Last week, our own Adam Collyer took a look at the NCAA's recent rules violation charges against Ohio State and the absence of the dreaded "lack of institutional control" charge among them. In case you missed that post, do check it out, especially if you're not familiar with what "lack of institutional control" is supposed to mean, because we'll be investigating the topic again today.
On Monday, the NCAA charged Boise State with "lack of institutional control" following minor, self-reported violations across several sports, including football, followed by a major violation in which a women's tennis player was permitted to compete prior to enrollment. Boise State's response to the major violation?

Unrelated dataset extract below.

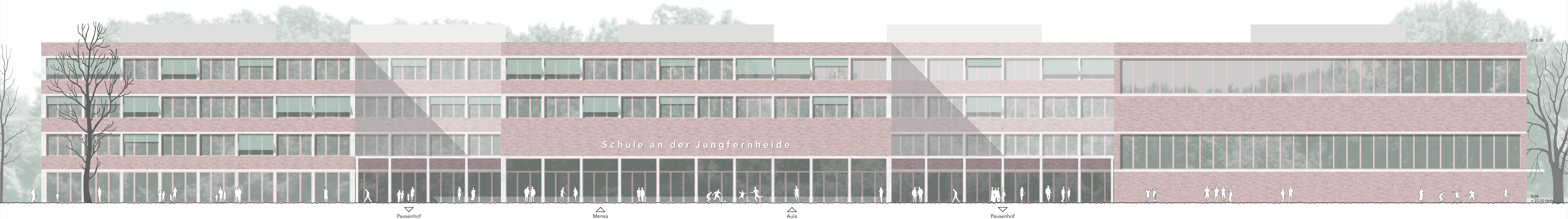
Südfassade 1 : 200

Boise State removed those coaches in November. As a result of the new violation, the NCAA decided that the case would now be sent to the Committee on Infractions rather than the agreed upon summary disposition for less severe cases.In football, the NCAA determined that total dollar value over five years was $4,934 for all of the housing, transportation and meals provided to 63 incoming student-athletes. All services ranged from $2.34 to a maximum of $417.55 and have been reimbursed by the student-athletes. In tennis and track and field, the NCAA determined that 16 student-athletes had received extra benefits over the five years equaling a $718 value. Other small dollar excess benefits are also alleged in the notice. All these funds were reimbursed as well and all were donated to charity.
The majority of allegations involve impermissible housing, transportation or meals, where an incoming student-athlete was provided a place to sleep (often on a couch or floor), a car ride or was provided free food by an existing student-athlete.
So let's get this straight. Boise State self-reports minor violations, then self-reports a major violation in which an ineligible women's tennis player was allowed to compete. It fired the coaches responsible for allowing said ineligible women's tennis player to compete, and it ended up getting charged with "lack of institutional control."
Ohio State knew nothing of five football players accepting thousands of dollars in improper benefits more than all of Boise State's minor violators combined. Its coach not only allowed those football players to compete while ineligible, he lied about it. When the truth came out, Tressel was not fired, nor was Ohio State charged with "lack of institutional control."
Ohio State's self-imposed penalties were suspending Jim Tressel for two games (he later asked for five) and a $250,000 fine for the coach.
Boise State's self-imposed penalties?
The Boise State University football team will have at least three fewer preseason practices as it prepares for this year’s season opener against Georgia in Atlanta.
The Broncos also will award three fewer scholarships over the course of the next two seasons and be allowed three fewer preseason practices before next year’s opener at Michigan State.
All that, and the Bronco football team wasn't even connected to major violations like Ohio State's.
Obviously, the NCAA is standing behind a brazen double standard here. That in and of itself isn't really surprising. If you've followed the organization for any length of time, you know it basically makes up the rules for doling out justice as it goes along. What is kind of shocking, though, is the apparent total lack of institutional self-respect. Ohio State's self-imposed sanctions were a joke, and Boise's self-imposed sanctions really hammer that home, yet the NCAA let the Buckeyes off the hook anyway. Gordon Gee and Gene Smith back in Columbus basically laughed in the committee's face and dared it to throw the book and it folded.
Maybe it's the NCAA with a lack of institutional control.